The value of Part II is further enhanced by the inclusion of a corpus of “Elfin Place-Names,” which forms part of the supplementary material featured toward the end of the text. Here, all nine hundred forms are included, listed alphabetically in order of county and sorted according to qualifier and then place. The corpus represents a significant undertaking in itself, compiling evidence from a range of different sources “from the eighth century to the publication of large-scale Ordnance Survey maps” (74). In comparison to the rest of the book, the evidence provided here is more obviously presented with a scholarly audience in mind. Along with Part II, this will doubtless prove a useful resource for future study in this field.

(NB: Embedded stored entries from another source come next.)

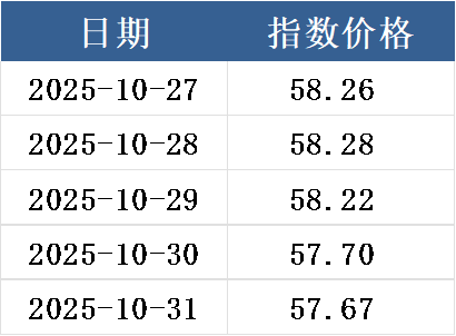 2025年10月27日至2025年10月31日,上海碳价格指数期初为58.26元/吨,期末为57.67元/吨; 下跌1.01%。指数周度数据如下表所示: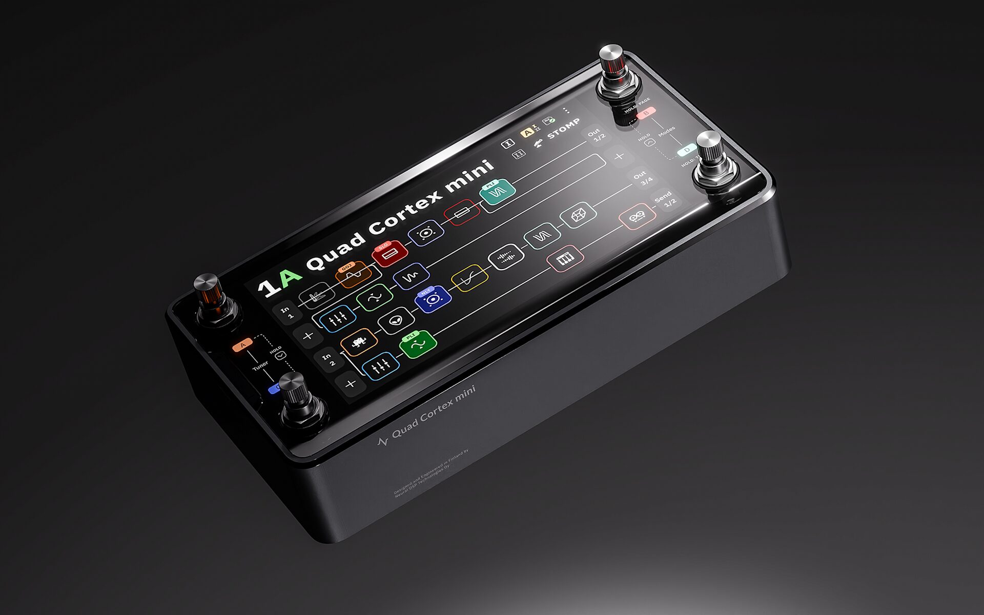 The Quad Cortex mini is engineered to deliver the full functionality of the original model while reducing its physical size by over 50%. With dimensions of just 22.8 x 11.8 x 6.5 cm and a weight of 1.5 kg, this processor is perfect for musicians who need a reliable solution for pedalboards, desktop studios, compact racks, and travel setups. It features a 7-inch touchscreen interface, similar to the flagship model, complemented by four stainless-steel rotary footswitches that allow for intuitive control during both editing sessions and live performances.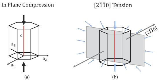 Comparison of the stress states experienced by (a) in-plane compression and (b) [2 1 1 0] tension. The representation of [2 1 1 0] tension is simplified to a two-dimensional plane stress representing the plane of maximum compression in an attempt to visualize the complexity of the stress state experienced by contraction of the ⟨c⟩-axis due to the Poisson effect.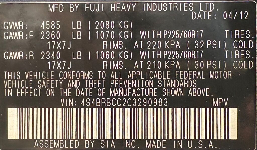 VIN 4S4BRBCC2C3290983 may have been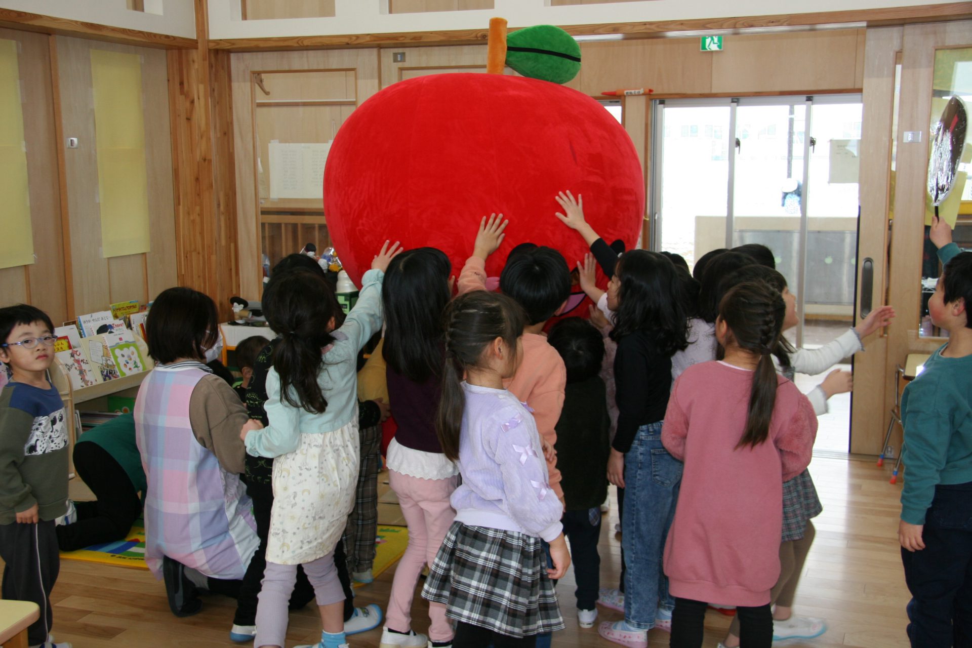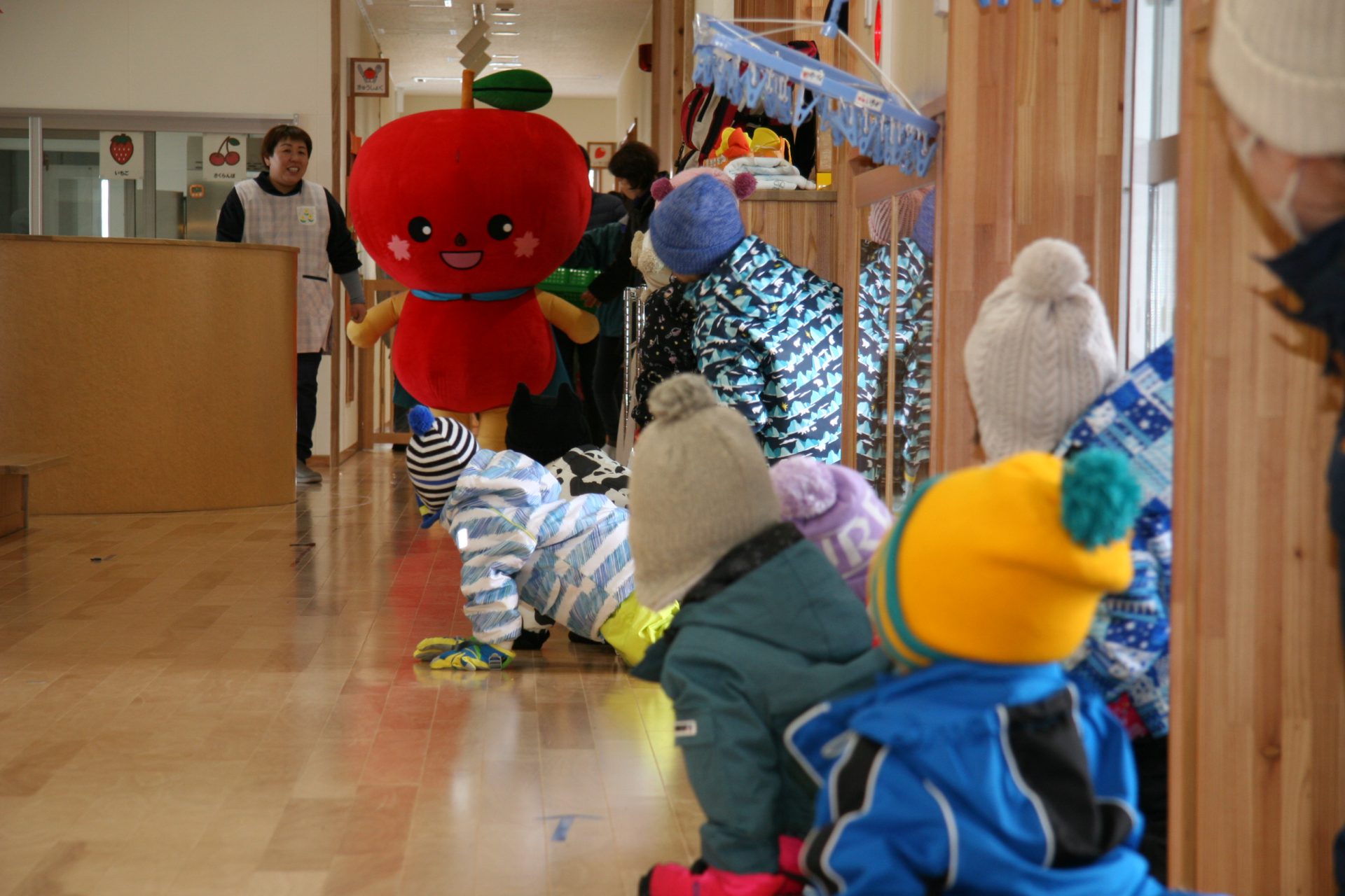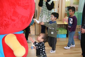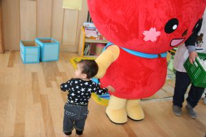「ふくりん、ふくりん!」あ~。倒れそう・・・・・・。でも、どうして保育園に?
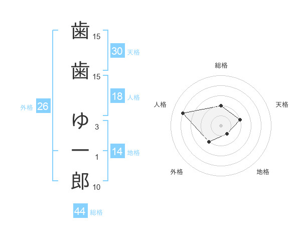 歯歯 ゆ一郎さんの天格は30画の2点!

Harte succeeds in presenting an argument that looks beyond modern preconceptions and the limitations of the written record to uncover something approximating the lived experiences of individuals encountering the supernatural in medieval England. The weight of evidence here is substantial, and Harte’s approach is informative and engaging. While the difficulties posed by this approach are never sidelined, Harte is able to put forward a convincing argument that showcases fairy encounters in all their variety and complexity. There is plenty to value here for scholars of varying expertise, including folklore and popular belief, literary convention and the supernatural, medieval ecocriticism, spatial humanities, and philology.